Hasta hace pocos decenios, ser cristiano –y particularmente católico– era lo más habitual en nuestro país, y los procesos de socialización religiosa introducían a niños, adolescentes y jóvenes en una cosmovisión compartida por la sociedad de manera casi natural. De hecho, la profesión de fe, el llamarse públicamente cristiano, se daba ya por supuesta, y la sociedad premiaba la opción religiosa y penalizaba o censuraba la increencia.
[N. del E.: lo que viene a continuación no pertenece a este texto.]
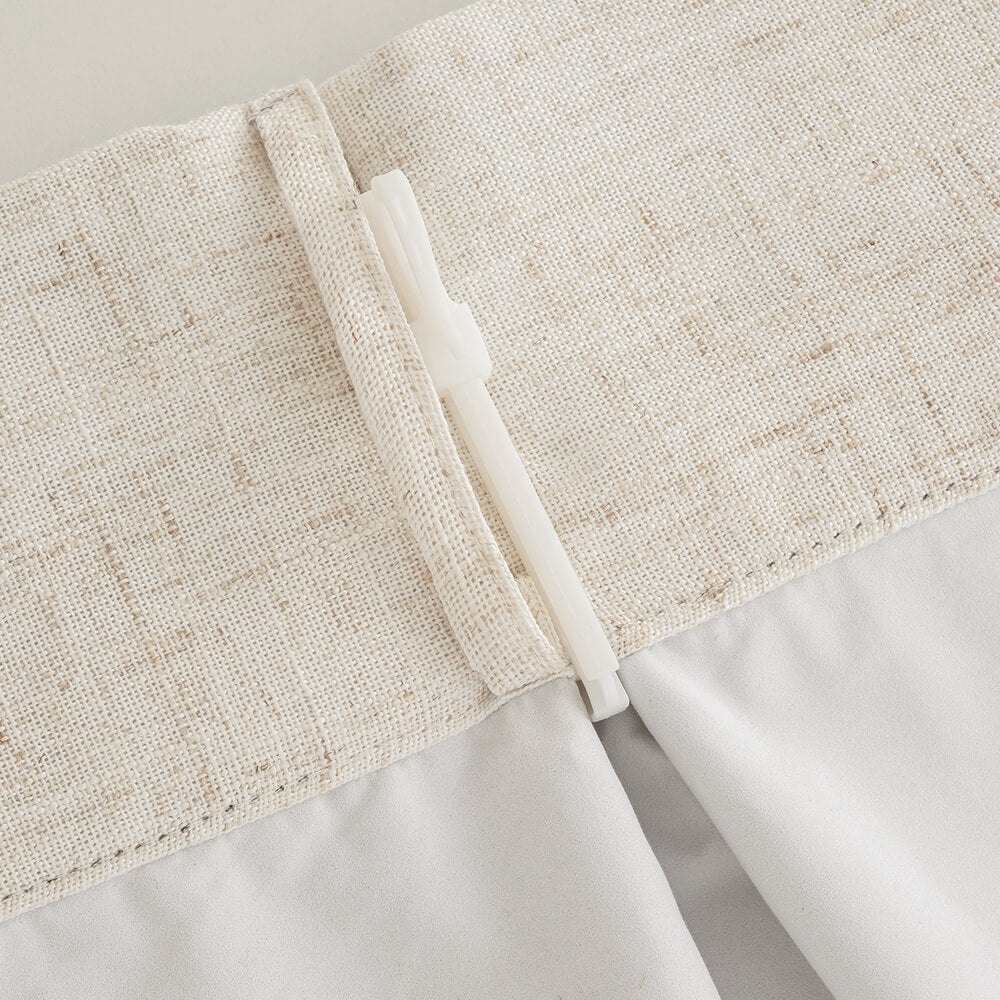 We've already atached every hook by hand, so your curtains arive ready to hang.A smal detalthat saves you time - because efortless beauty should be truly efortiess.

Los niños eran bautizados al poco tiempo de nacer. Al cabo de unos años eran iniciados en la fe y se les acompañaba a hacer la primera comunión, y así sucesivamente hasta el matrimonio. Este conjunto de rituales estaba incrustado en la tradición, en la costumbre popular. Era extraño quien se salía del guión.
Poco a poco, estas costumbres se han ido desvaneciendo, aunque el tópico o el estereotipo aún repite que somos un país católico. Siempre he pensado que esta afirmación es absurda, porque la fe es una opción de la persona. Un país o cualquier instancia suprapersonal no puede hacer una opción como esta. Es el yo que se abre al Tú, que se dispone a escuchar al Cristo interior para vivir haciendo su voluntad.
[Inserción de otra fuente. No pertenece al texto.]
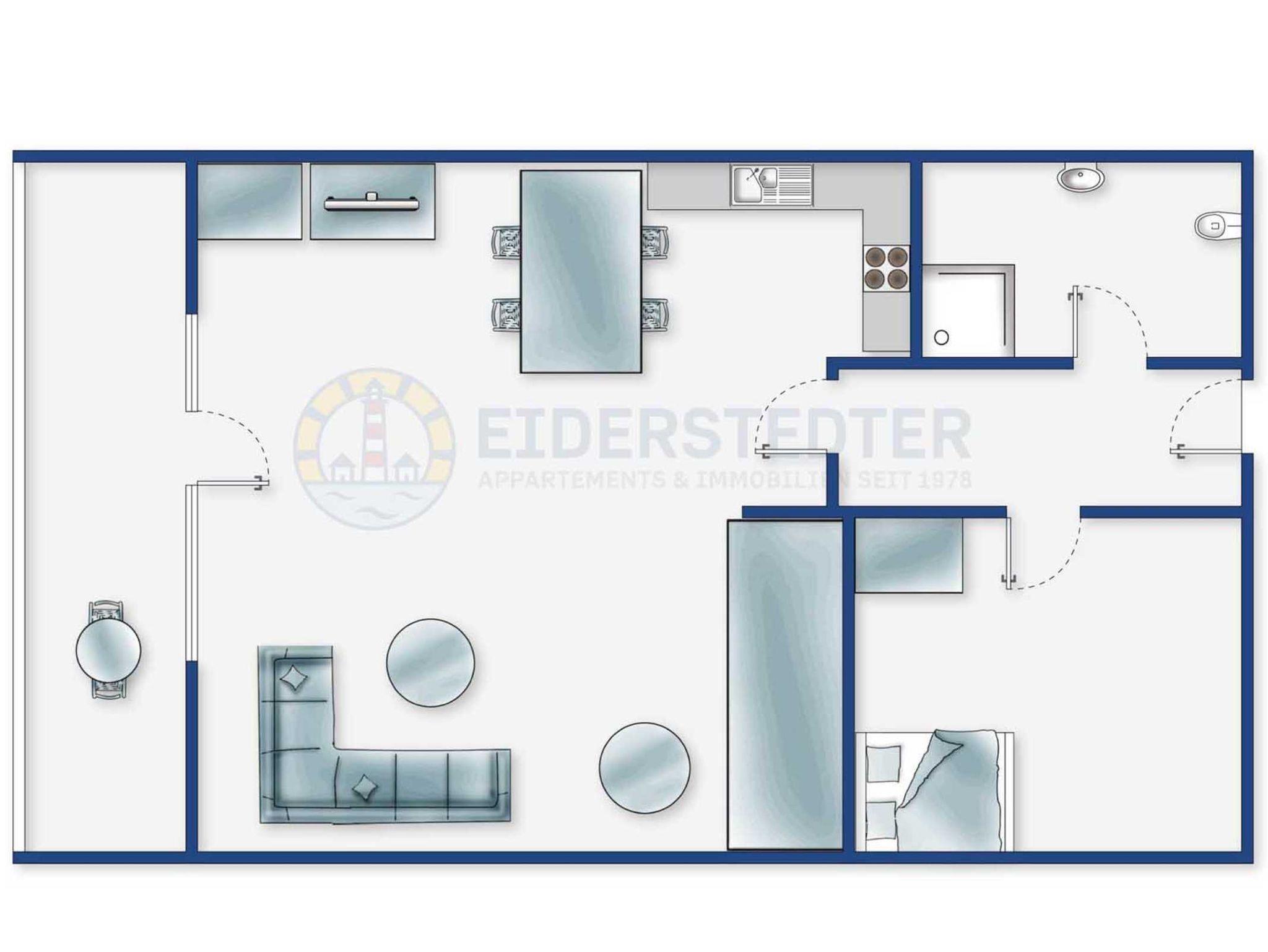Exklusive 2-Zimmer-Ferienwohnung Frische Brise im Haus Atlantic mit ca. 41 qm auf 1 Ebene (3. OG, mit Fahrstuhl) für bis zu 4 Personen (Wohlfühlbelegung: max. 2 Erwachsene). Gute Lage im Ortsteil Bad in St. Peter-Ording. Von hier aus erreichen Sie den Strand, das Kurzentrum und das Dorfzentrum in jeweils gut 15 Minuten zu Fuß. In der Nähe einer Bushaltestelle gelegen (mit Kurkarte kostenlos).
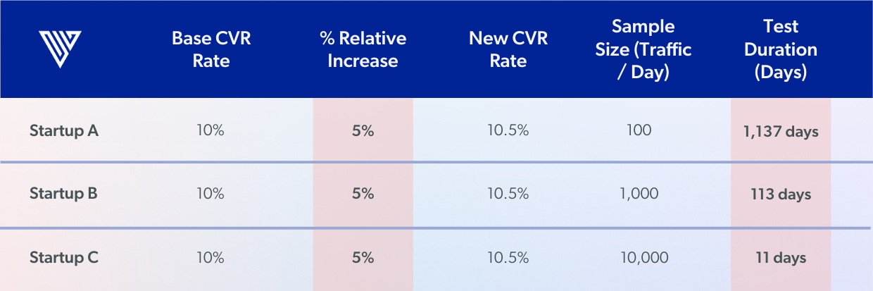 Here’s how to interpret it: Companies with a large sample size (a lot of traffic) don’t have to be as thoughtful with experiment selection and design. The reason is that the large company can make relatively small changes to the product, set up an A/B test to measure the effect, and then resolve the experiment in a matter of days at high statistical confidence because they have a wealth of data to lean on. On the other hand, a small startup with very little traffic (small sample size) needs to be much more thoughtful about experiment selection and design because an A/B test on a small sample size that produces a small change relative to the control will take weeks or months to harvest enough data to reach a statistically significant conclusion. I’ll demonstrate this effect in the below table.
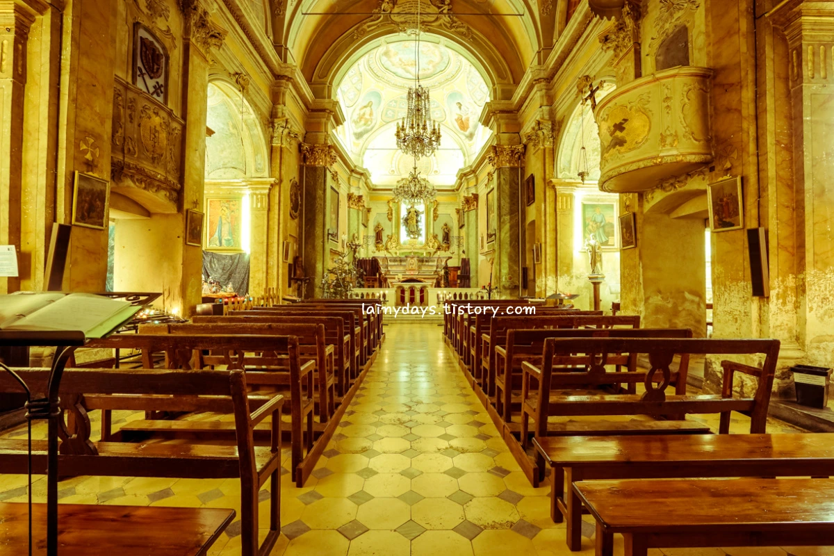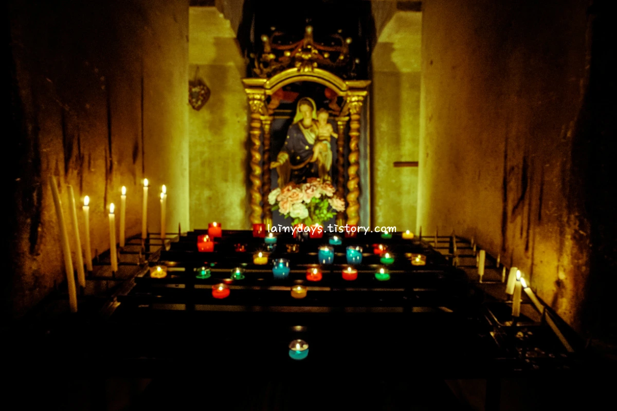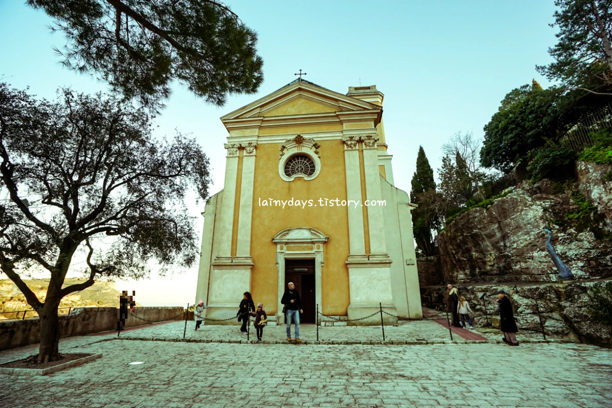 마을을 내려오면서 마주쳤던 성당에 다시 가서 내부를 돌아본다. 밖은 어둠이 드리웠으나 성당 안은 이상하리만치 밝다. 사람이 없는 이곳에서 잠시 기도를 드리고 천천히 성당을 둘러본다. 가톨릭 신자가 아니더라도 이 성당은 이시각에 올만한 가치가 있다. 정말로 딱, 에즈 빌리지에 들어맞는 분위기라고 해야 할까.. 소박하면서도 화려하다는 앞뒤가 전혀 맞지 않는 표현이 이 성당엔 어울린다.
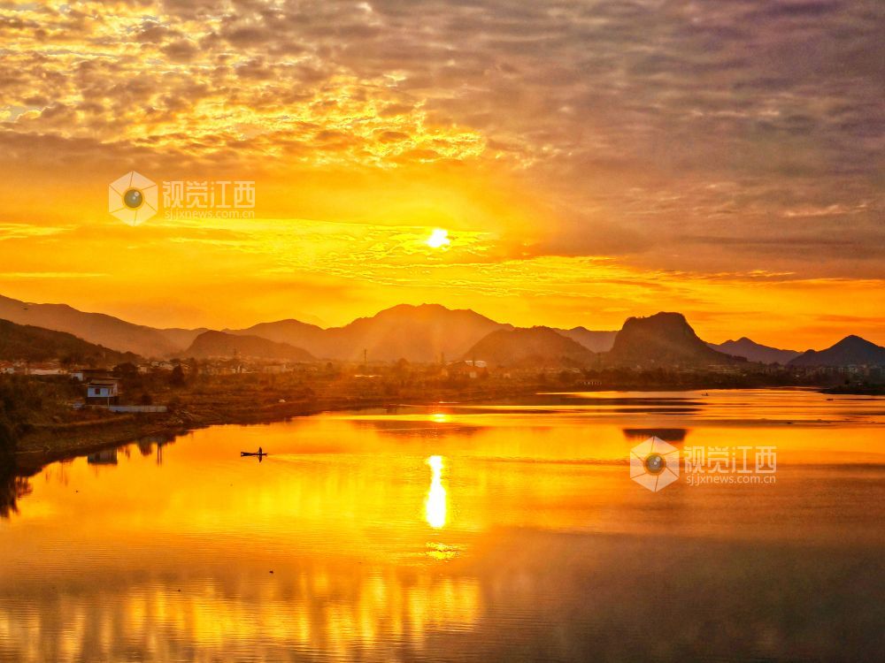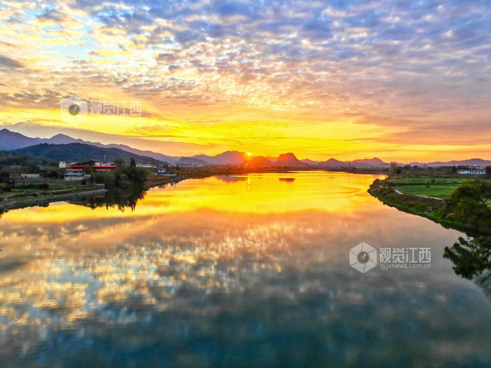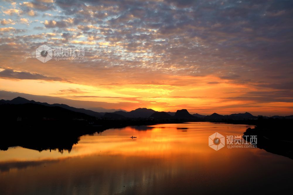 2024年11月26日,一场冬日晚霞出现在江西省分宜县分宜镇芦塘村上空。傍晚时分,远山、河流、房屋在缤纷霞光的映照下,呈现出一幅唯美的多彩画卷,美不胜收。
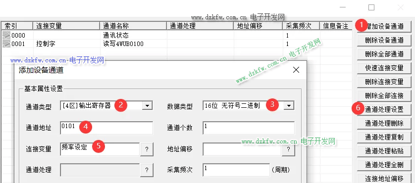 (4)繼續添加頻率設定設備通道地址40101,操作方法如圖8所示。但需要注意的是,頻率0-50HZ對應十進制數0-16384的值,因此需要做數據處理,點擊圖8中的⑥處進行轉換。其他地址操作方法相同,不再贅述。
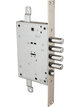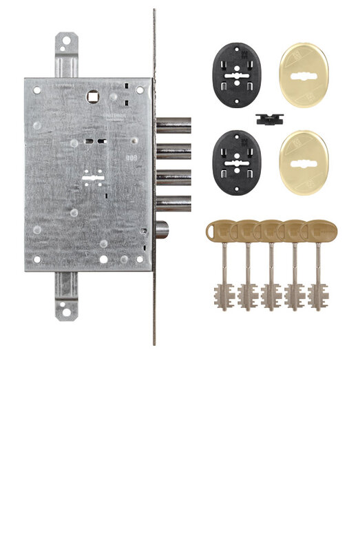 Замок врезной , с тремя точками запирания и защёлкой диаметром 20мм, приводимой в действие ключом и фалевой ручкой сечением квадрата 8мм. Удаление ключевого отверстия и ручки 60мм. Круглые ригеля диаметром 18мм. Ход тяг 19мм.

La situación se ha transformado vertiginosamente en pocos años. Muchos niños no son bautizados, y el número de comuniones y bodas religiosas ha disminuido significativamente en relación con los últimos años. No es necesario referirse al problema de las vocaciones de vida consagrada, que, como es sabido, experimentan un gran descenso en Europa.
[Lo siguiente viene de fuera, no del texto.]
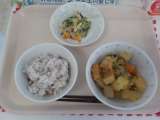 本日の給食は、かりかりゆかりごはん・いりどりに・ちくわ入り野菜のごま酢あえ・牛乳...
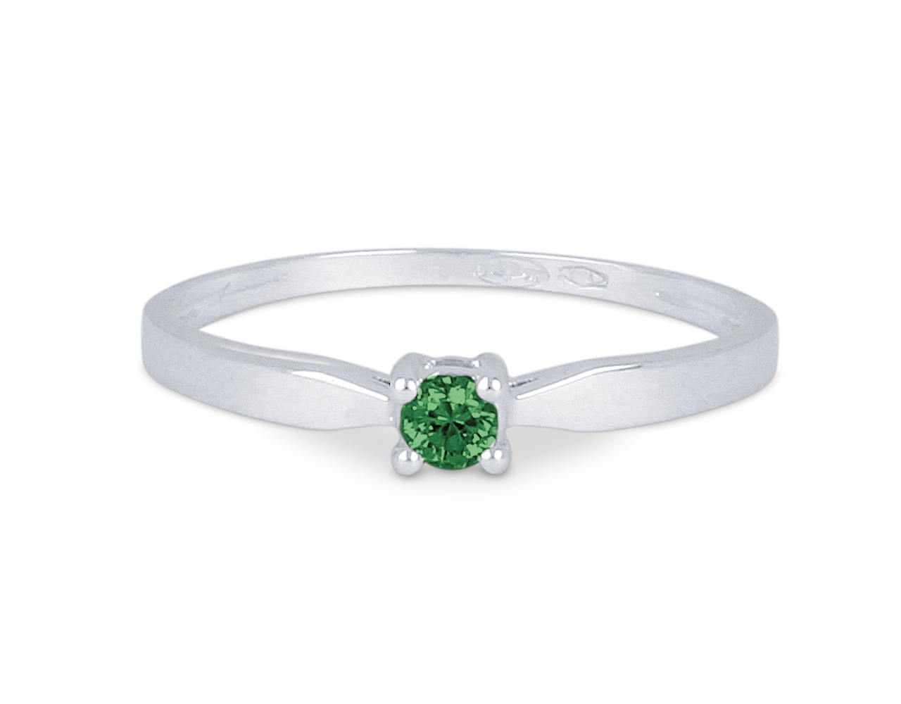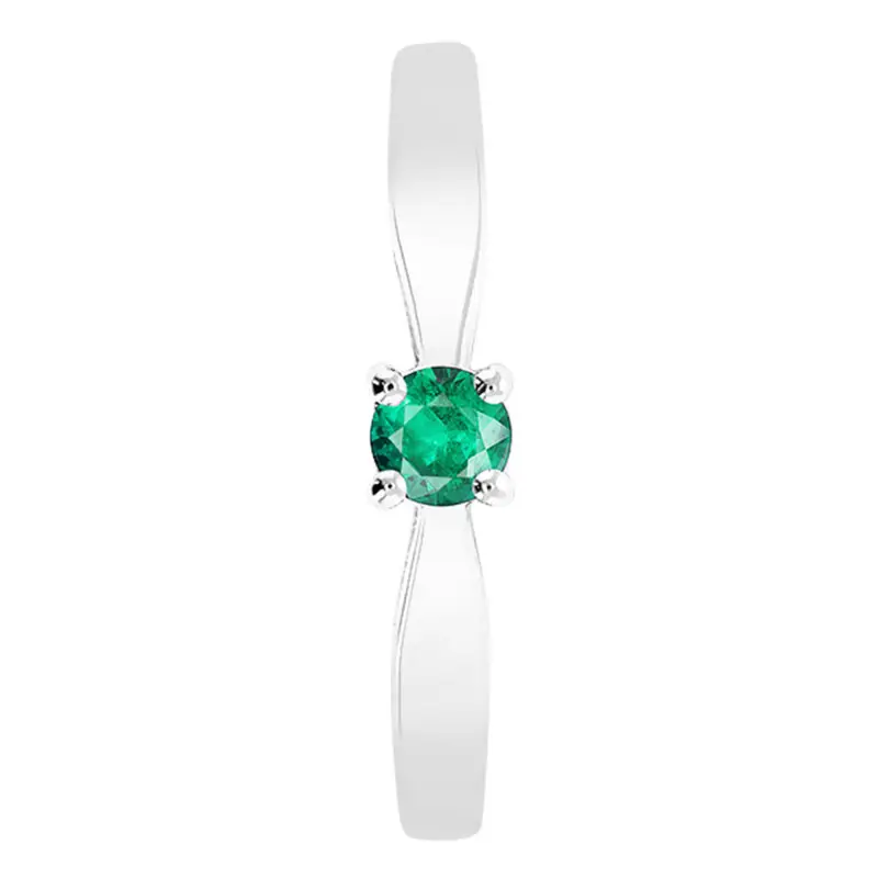 La pièce maîtresse de cette bague est une émeraude ronde, taillée avec précision pour révéler tout son éclat et sa couleur profonde. La pierre est mise en valeur par un serti chaton à quatre griffes, une technique classique qui assure un maintien sûr tout en exposant l’émeraude à la lumière pour maximiser sa brillance. Cette bague est disponible avec des émeraudes de différents poids en carats : 0,07 ct, 0,10 ct, 0,20 ct ou 0,30 ct, vous permettant de choisir la taille qui correspond le mieux à votre style.

Los pocos jóvenes y adolescentes que se confiesan públicamente cristianos tropiezan con una serie de actitudes y de maneras de hacer que con frecuencia les hacen caer en la marginalidad. Algunos de ellos incluso se ven llamados a esconder su condición de cristianos, porque la crítica y la sorna pesan mucho, y más en estas edades. En más de un debate universitario me he encontrado con jóvenes creyentes que no han querido manifestar públicamente su opinión sobre Dios, la oración o la muerte, pero después, a puerta cerrada, han hecho una explícita confesión de fe.
Tal como la percibo, la opción por Cristo es, por ahora, casi una opción de vida alternativa, que nace de una experiencia íntima y que deviene minoritaria. No se puede predecir el futuro en las materias del espíritu, pero todo parece apuntar a que la pluralidad religiosa y cultural continuará siendo emergente en nuestro país, por influencia sobre todo de los flujos migratorios, y que la homogeneidad tradicional perderá entidad.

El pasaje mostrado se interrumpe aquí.